= Amphiphile =

Chemical compound with both hydrophilic and lipophilic properties

Phospholipids, such as this glycerophospholipid, have amphipathic character.

Cross-section view of the structures that can be formed by biological amphiphiles in aqueous solutions. Unlike this illustration, micelles are usually formed by non-biological, single-chain, amphiphiles, soaps or detergents, since it is difficult to fit two chains into this shape

In chemistry, an amphiphile (from Greek αμφις (amphis) 'both' and φιλíα (philia) 'love, friendship'), also referred to as an amphipath, is a dipolar chemical compound possessing both hydrophilic (water-loving, polar) and lipophilic (fat-loving, nonpolar) properties within the same molecule. Such compound is called amphiphilic or amphipathic. This dipolar characteristic implies the existence of different chemical groups forming spatially segregated regions with contrasting surface polarity. Amphiphilic compounds include surfactants, detergents, block copolymers, and Janus particles.

In aqueous solutions, amphiphiles are able to self-assemble to form a wide range of supramolecular structures, including micelles, lamellae, nanofibers, and biological membranes.

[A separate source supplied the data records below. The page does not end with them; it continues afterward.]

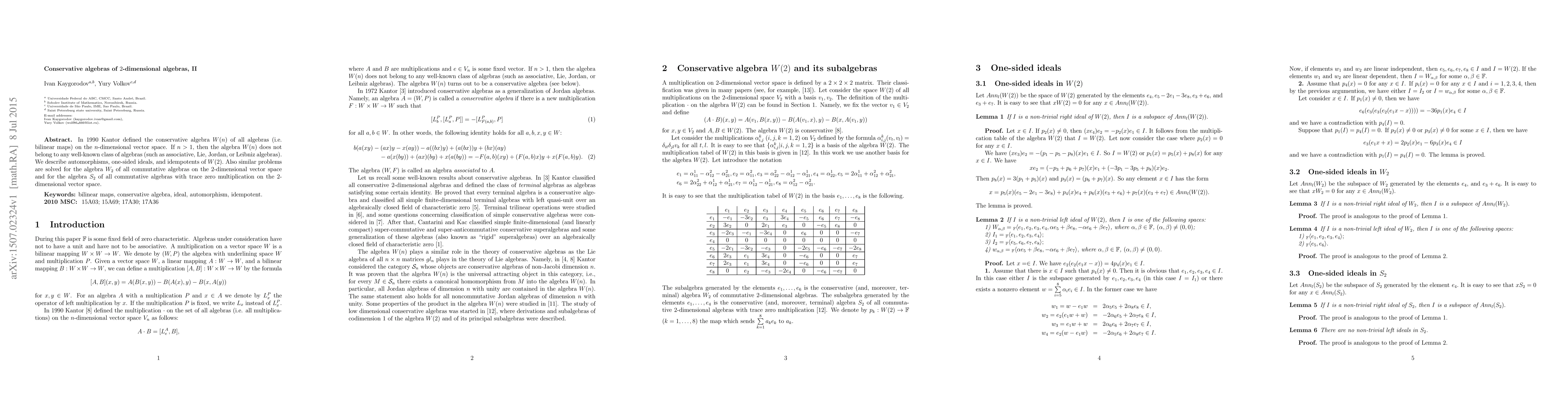 This paper investigates algebras of 2-dimensional vector spaces, including conservative algebras W(n) and commutative algebras with specific properties, exploring their automorphisms, ideals, and idempotents.
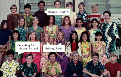 You can totally tell that Obama thinks he's "the One," the way he is standing in the top row and smiling down upon his flock that he will surrepticiously convert to be secret Muslims!
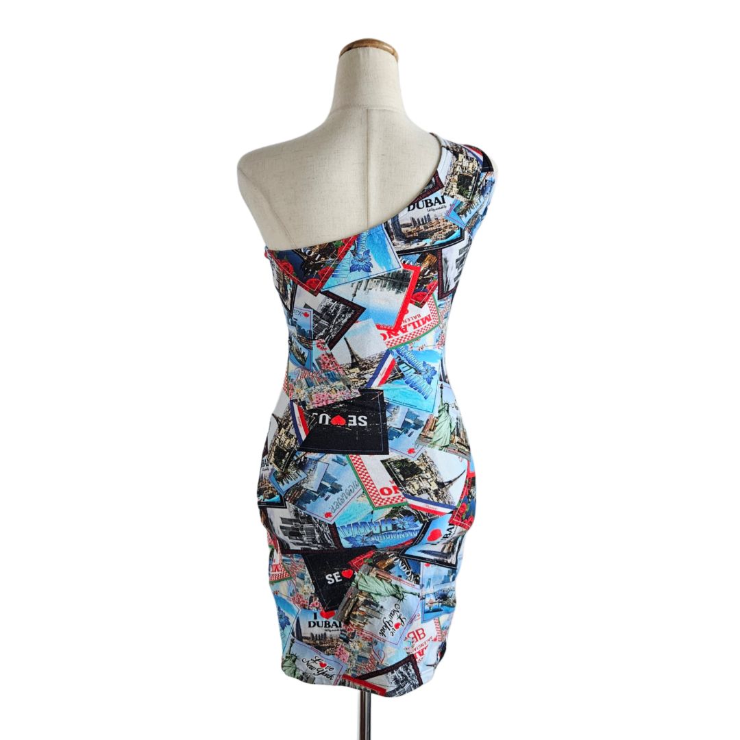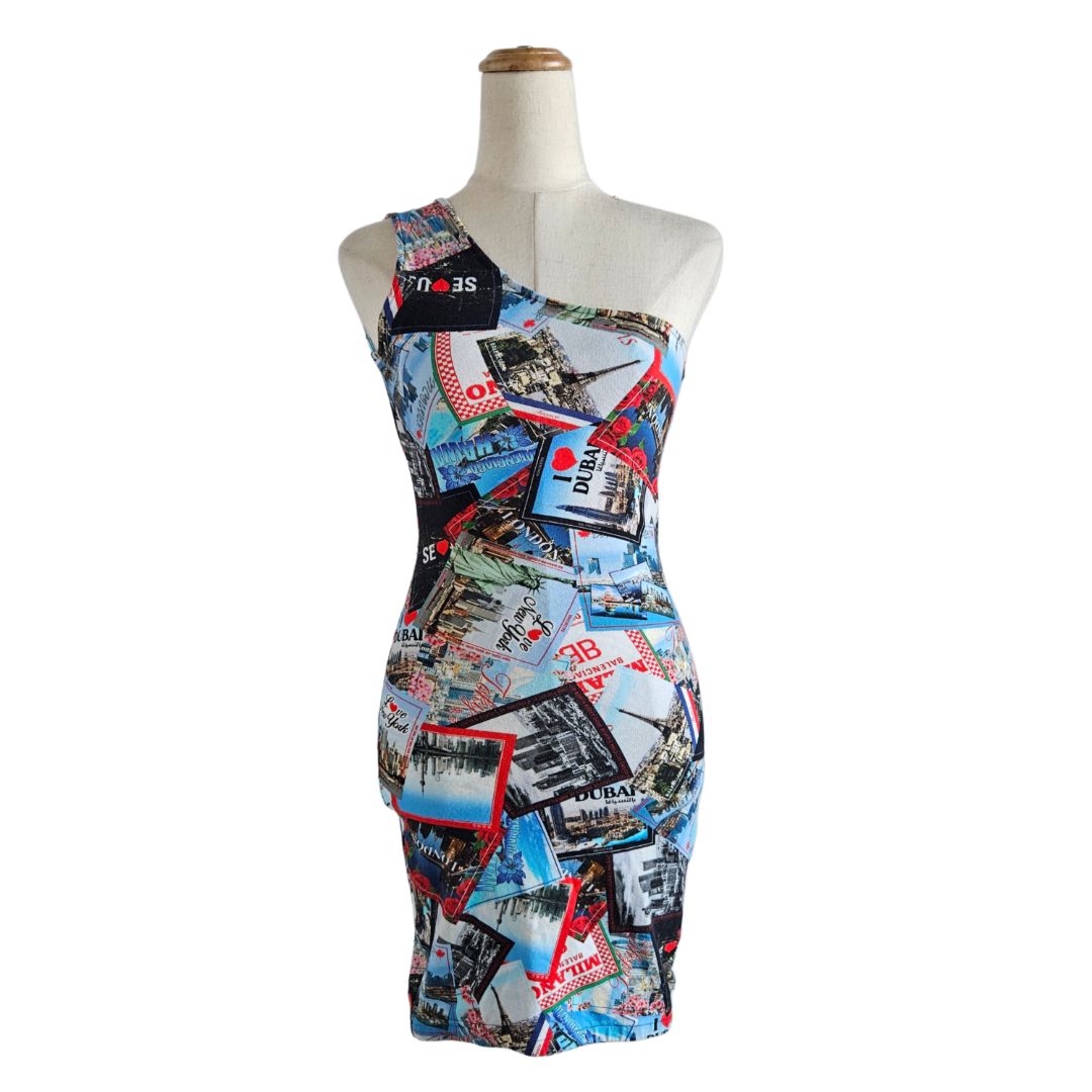 Balenciaga Multicolor Printed One Shoulder Mini Dress

Phospholipid amphiphiles constitute a significant class of biological amphiphiles composed of a polar-phosphate based head group and two hydrophobic fatty acid chains. Phospholipid bilayers are the major structural component of cell membranes, and serve as the basis for a number of research areas including chemistry and biochemistry, notably that of lipid polymorphism.

Organic compounds containing hydrophilic groups at both ends of the molecule are called bolaamphiphiles. They are distinguished from the conventional head-tail amphiphiles by the prolate geometry of the micelles they form in aggregation.

==Structure==
The lipophilic group is typically a large hydrocarbon moiety, such as a long chain of the form CH_{3}(CH_{2})_{n}, with n > 4.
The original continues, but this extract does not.